Глава седьмая. У деда

Всей гурьбой зашли в дом Буривоя. «Батя, я к тебе с гостями! Здравствуй, матушка!» «О, сынок! Брыва, какой ты богатырь, каждый раз не нарадуюсь! А это кто с тобой? Янка? Песенник? Здорово! Торхельд? Тоже? С норвегов — похож, тоже какой богатырь!.. Смиргун? Гусельник? О-о! А это какого племени имя? Серб. Сербы — тоже наши… Матушка моя, к нам, гляди, какие красавцы в гости пожаловали! Давайте, ребята, пособите: стол на середину, на стол соберём… Взвар травяной — очень духмяный* и полезный есть у меня. Вот тут чаши. Каждый себе наливайте. Обязательно надо попробовать. А матушка пирогов с луком и с яйцом настряпала — очень вкусные… Угощайтесь!.. Рассказывайте, гости дорогие, с чем пришли…»

Олесь тоже здесь. Песняры его увидели: «Олесь, здорово, ты и здесь! Как ты здесь оказался? А-а-а, вот оно что!» Дед Буривой пошевелил бровьми: «О, так ты важная птица — тебя уже все знают!»

В доме у деда Буривоя на стене, на хорошем месте висит щит. Большой щит пехотный с проёмом для копья по правому краю. На щите нарисована синяя змея — длинная, завитая в полукольца, а из пасти у неё торчит голова с шеей, руками-плечами, тело до пупа видно — человек.

Янка, пока гостей усаживали за стол, зацепился за щит глазами и всё разглядывал.

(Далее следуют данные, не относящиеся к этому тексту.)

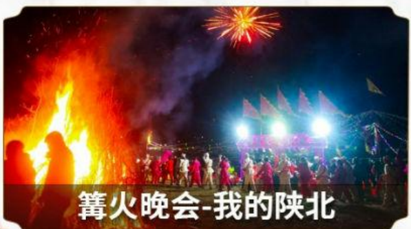
篝火晚会-我的陕北
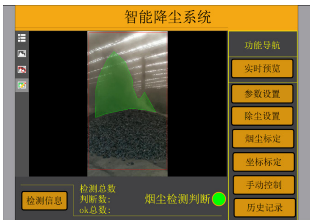
图5 智能降尘系统功能

土方开挖工作开展前，要搭建2.5m高的彩钢板围挡，围挡底部砌300mm的挡墙，围挡顶部装设喷雾系统；采用密闭方式运输渣土车，在出厂前要经过8m×3m洗车平台的冲洗，三级沉淀池的水循环利用率达60%，行驶车速不超过30km/h；对裸露的土方覆盖2000目防尘网，用5kg沙袋压牢。结束工作前喷施抑尘剂（1:50的比例进行稀释，用量为2L/m 2 ），并采用吸尘器清理作业面。同时，项目采用AI智能降尘协同体系（功能如图5），在施工地带布置6组PM10在线监测仪，若监测的数值超过了0.12mg/m 3 阈值，系统立刻自动开启围挡喷雾、道路洒水车以及料仓通风除尘设施，达成“超标就降尘”的精准化反馈；采用新型生物基的抑尘剂，跟传统化学抑尘剂相比对，降解率可提升至超过95%，而且抑尘的有效时间拉长至72小时，既减少了药剂投放的频率，又降低了对周边土壤和水体构成的影响。
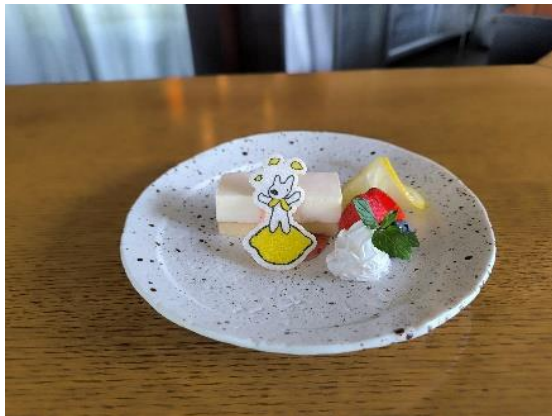
レモン香る リサのチーズケーキ 850 円
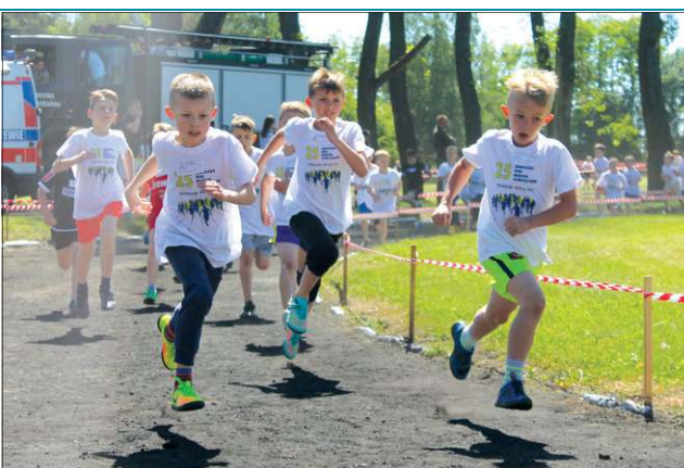
Biegi najmłodszych były najliczniej obsadzone

W ramach regularnych zawodów przeprowadzono w sumie 20 startów. Pobiegli uczniowie z 53 szkół podstawowych, reprezentacje 27 gimnazjów oraz ośmiu szkół ponadgimnazjalnych. Rywalizacja najmłodszych uczestników odbywała się na dystansie 500 m. Nastoletni lekkoatleci mieli do pokonania do 1,5 km. Pierwsze dziesięć osób przekraczających linię mety w każdym rozegrany biegu, dzięki wsparciu licznych sponsorów, otrzymywało atrakcyjne nagrody. Tradycyjnie, zwycięzcy odjeżdżali z Bielic na nowych, wysokiej klasy rowerach, ufundowanych przez firmę Bikeland.
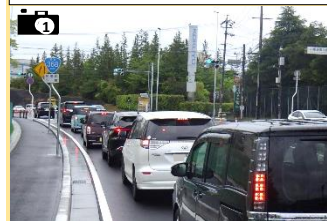
八幡工業団地1交差点付近の渋滞状況
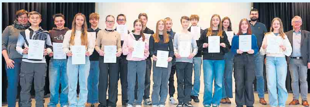
20 Schülerinnen und Schüler der Sekundarschule Medebach-Winterberg erhielten jetzt für ihre erfolgreiche Teilnahme am Projekt „Unternehmen vor Ort“ das Zertifikat von der Wirtschaftsförderung Winterberg.

Winterberg. Was hilft gegen Fachkräfte- und Nachwuchsmangel? Gezielte Information, gute Kommunikation und der persönliche Austausch von jungen Menschen mit heimischen Unternehmerinnen und Unternehmern! Alle diese Komponenten vereint das Projekt „Unternehmen vor Ort“, das kurz „UvO“ genannt wird. Initiiert von der Wirtschaftsförderung Winterberg, hat „UvO“ in Kooperation mit der Sekundarschule Medebach-Winterberg zum Ziel, die Schülerinnen und Schüler des 8. bzw. 9. Schuljahrgangs auf freiwilliger Basis in den direkten Kontakt mit heimischen Betrieben aus Winterberg, Medebach und Hallenberg zu bringen. Ganz konkret stellen sich die Unternehmer bei einem
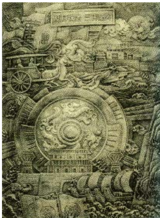
■黄鹤楼千禧钟上的《三国鏖兵图》

如雷鸣，小城地势极为险要。孙权把长江对岸的“夏口”之名，移作这个小土城的名字，并派部将黄盖在沿江一带训练水军，以抗曹、刘。这个小城便是最早的武昌城。就在夏口城诞生的同时，城西南隅蛇山伸入长江的矶头上，一座用于观察、指挥的戍楼突兀而起。这座小楼历经烽火，数百年默默无闻，直到晋唐，战事平息，它逐渐演变成人们游赏用的楼阁，这才有了一个优雅的名字：“黄鹤楼”。
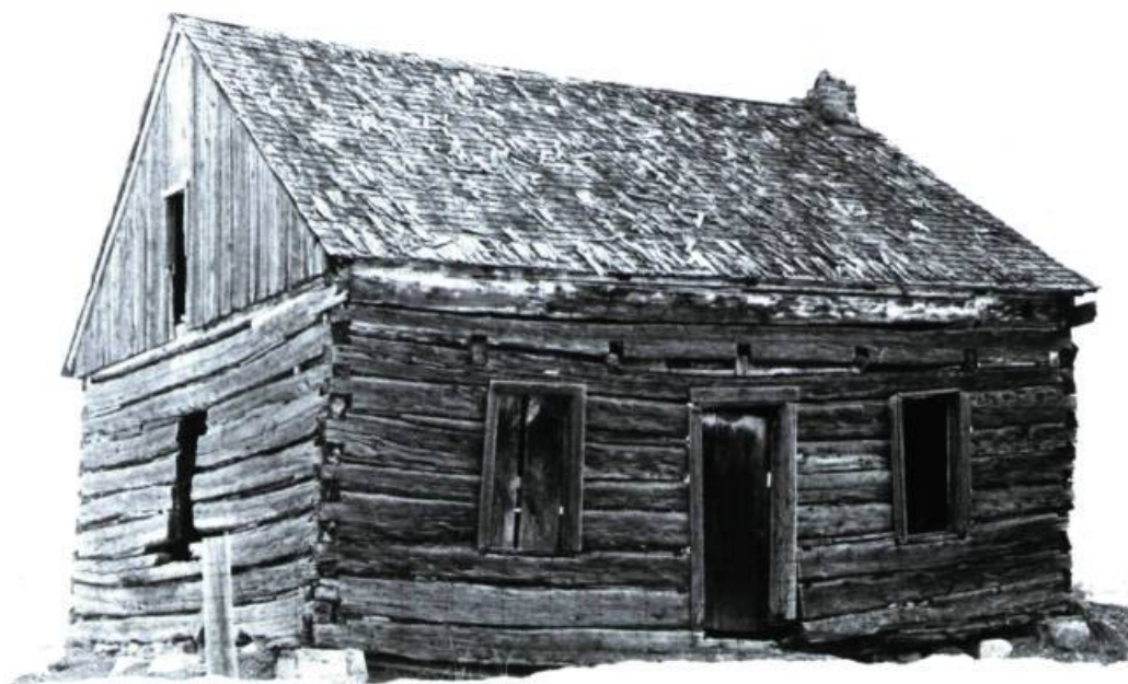
Ancienne demeure dans la région de Montréal composée de pièces de bois assemblées à queue d'aronde, qui laisse voir l'extrémité des solives du plancher de l'étage.

Qu'on les appelle maisons en rondins ou en pièce sur pièce, ces constructions de bois comptent souvent parmi les plus anciennes dans nombre de pays. Faites de matériaux locaux, elles sont associées à la création de nouveaux établissements humains. L'époque de la colonisation ou celle de la ruée vers l'or, par exemple, ont favorisé ce type d'habitat simple et peu coûteux qui puisait à même les ressources du milieu environnant.
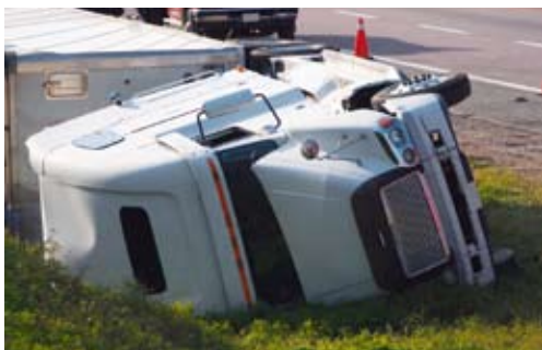
Schadepreventietrainingen moeten aantal schades verminderen.

www.deltalloyd.nl/transportverzekeringen
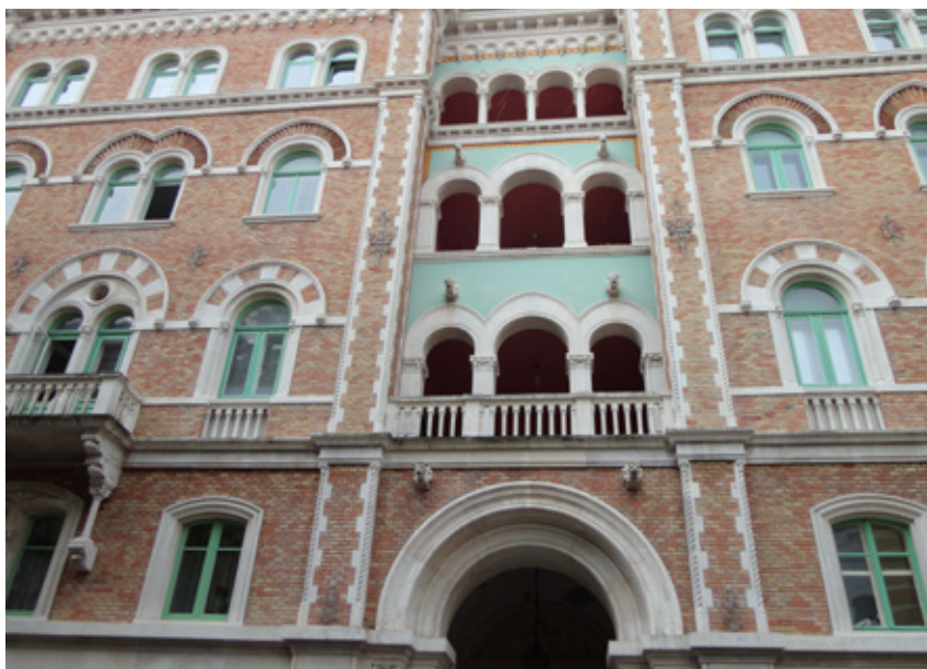
La Casa veneziana di Via de Amicis

Сели. Пироги вкусные матушка Вершислава поставила на стол и кисель домашний ягодный из сушёной клюквы и малины. Взвар травяной дедовский в самом деле душистый, приятный, как-то даже проясняющий глаза.

Вершко говорит:

— Батя, песняры вот говорят, надо песню добрую сочинить. Я к тебе и привёл, чтобы подсказал правильную мысль — про что песню.

— Вот как, дал мне старику задачу! А я так быстро и не скажу. А какие песни поёте ребятки?

Янко отвечает:

— Песни пишем, про что видим и слышим. Сочиняем любые: и добрые, и худые, и для войны, и для мира, и для княжьего пира.

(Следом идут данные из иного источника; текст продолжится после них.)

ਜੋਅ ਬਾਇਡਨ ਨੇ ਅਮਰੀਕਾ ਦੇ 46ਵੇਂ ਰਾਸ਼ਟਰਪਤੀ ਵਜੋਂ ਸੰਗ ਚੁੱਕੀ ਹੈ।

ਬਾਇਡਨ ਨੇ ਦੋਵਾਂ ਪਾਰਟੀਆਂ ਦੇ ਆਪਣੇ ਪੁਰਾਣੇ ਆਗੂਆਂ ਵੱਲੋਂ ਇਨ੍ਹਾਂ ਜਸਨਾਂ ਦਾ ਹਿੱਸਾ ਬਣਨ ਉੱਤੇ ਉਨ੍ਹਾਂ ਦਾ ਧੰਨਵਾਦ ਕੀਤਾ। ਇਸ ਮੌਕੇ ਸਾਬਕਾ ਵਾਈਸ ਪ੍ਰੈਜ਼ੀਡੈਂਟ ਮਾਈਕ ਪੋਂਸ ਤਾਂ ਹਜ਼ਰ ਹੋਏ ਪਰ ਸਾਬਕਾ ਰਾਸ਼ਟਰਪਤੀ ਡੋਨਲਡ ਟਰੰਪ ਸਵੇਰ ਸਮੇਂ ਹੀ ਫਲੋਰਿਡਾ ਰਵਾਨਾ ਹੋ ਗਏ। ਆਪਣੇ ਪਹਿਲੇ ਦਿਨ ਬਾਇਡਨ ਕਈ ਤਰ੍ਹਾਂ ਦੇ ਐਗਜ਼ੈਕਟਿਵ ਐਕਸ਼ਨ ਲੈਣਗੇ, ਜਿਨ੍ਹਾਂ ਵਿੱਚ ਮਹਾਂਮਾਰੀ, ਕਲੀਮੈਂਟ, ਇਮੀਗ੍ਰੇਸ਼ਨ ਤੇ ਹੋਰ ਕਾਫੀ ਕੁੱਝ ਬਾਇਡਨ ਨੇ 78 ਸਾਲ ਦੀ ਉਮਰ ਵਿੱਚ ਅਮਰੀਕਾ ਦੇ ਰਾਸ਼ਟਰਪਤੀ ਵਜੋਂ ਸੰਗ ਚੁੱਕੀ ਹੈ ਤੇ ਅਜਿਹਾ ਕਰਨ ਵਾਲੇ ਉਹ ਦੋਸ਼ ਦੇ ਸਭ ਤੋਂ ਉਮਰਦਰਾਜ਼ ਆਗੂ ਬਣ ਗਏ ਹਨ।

— Вот молодец, на ходу сочиняешь!

— А вот, что это у Вас за щит такой на стене?

— О, углядел! Это мой щит. Правда, с тех пор как я его носил, прошло уже лет пятнадцать. Украшает мне стену. И напоминает, каков был молодец моей жене. И детям с внуками.

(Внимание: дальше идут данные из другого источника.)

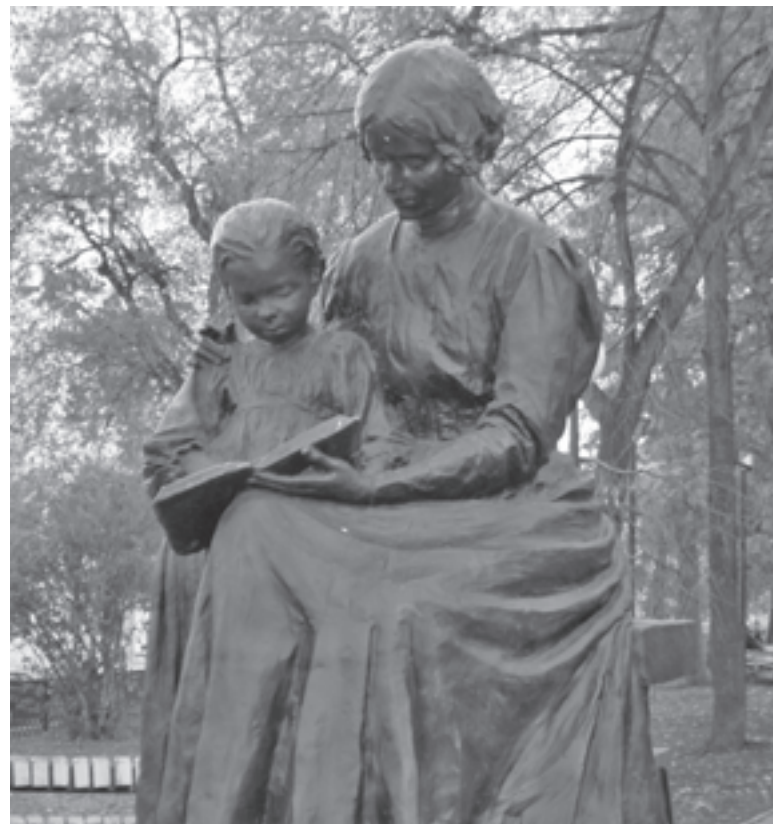
Памятник первой учительнице в Саратове. Современный скульптор изобразил бы ее с ноутбуком
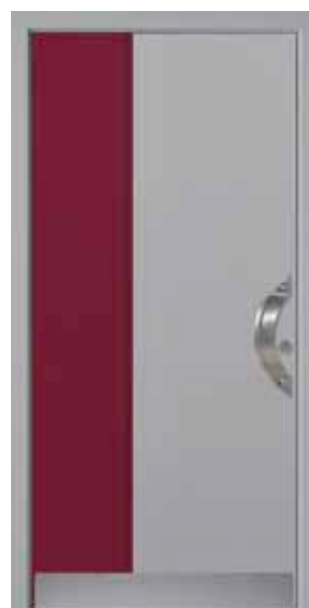
PL-V0B (M704, M304), Griff TEG12 – KR17, Rahmen HM704, Edelstahlsockel
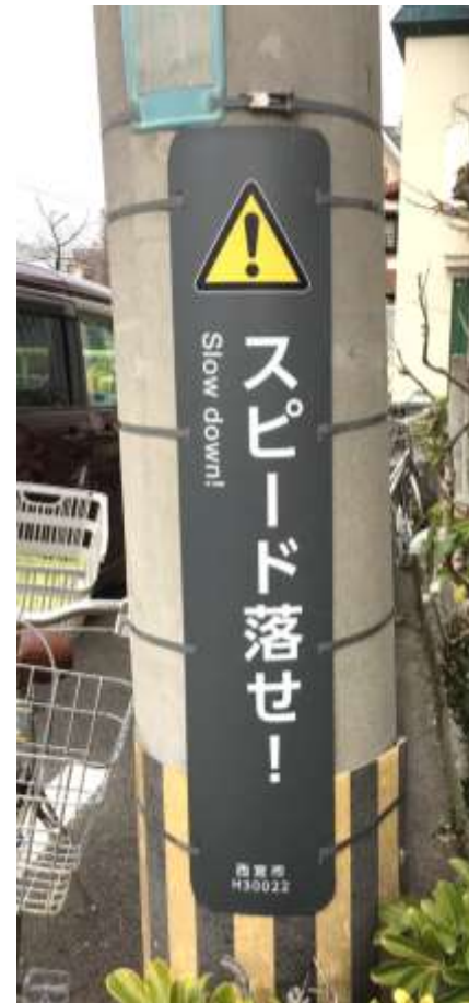
マナーサイン/注意喚起サイン 電柱添架型 (単独・集約)

— А почему такая картина интересная на нём? Нигде больше не видал.

— Интересная картина, да… ну, так это целая старина-былина.

— Вот-вот, расскажите былину!

— Ага… Гмм… Так это, ребятки, я в молодости был сильно горяч. Так бы и сказать — дурак,

но и не дурак, а силы много, девать некуды. И был я тогда в передовом отряде князя Яросвета Городенского. Он дружил с князем Киевским Ярославом Владимировичем, а с Мечиславом Болеславичем ляховитом — не дружил. Ярослава то не зря называют Мудрым. Он умел и на свою сторону привлечь, и дружить, и справедливость соблюсти. А Мечислав, как и отец его, полез немирно везде со своей шляхтой, земли под себя забирать. Так, что нам не раз приходилось сразиться с ляховитами, и быть настороже.

И мы однажды ходили на полночь от Городно. А там в пяти поприщах подошли к Городно ятьвяги. Мы посмотрели сколько, как бы они угрозу для нас не составили. Видим, войско довольно большое — тыщи три! Понимаем, что если двинуться на нас — нам не здобровать. А если дойдут до Городно — то будет целая война. С ятьвягами никаких договоров соблюсти не получалось — то они на нас, то мы на них. И не так, чтоб от вражды, а как бы из-за удали…

И, значит, что же делать?

Было это лето… память моя не пропала ещё… ежели числить от Безгубого* в 2212 лете. Ну или, выходит, в 6534, але ж може* вы по-христиански понимаете, то по-новому — в 1026 лете. Вобщем в молодости моей…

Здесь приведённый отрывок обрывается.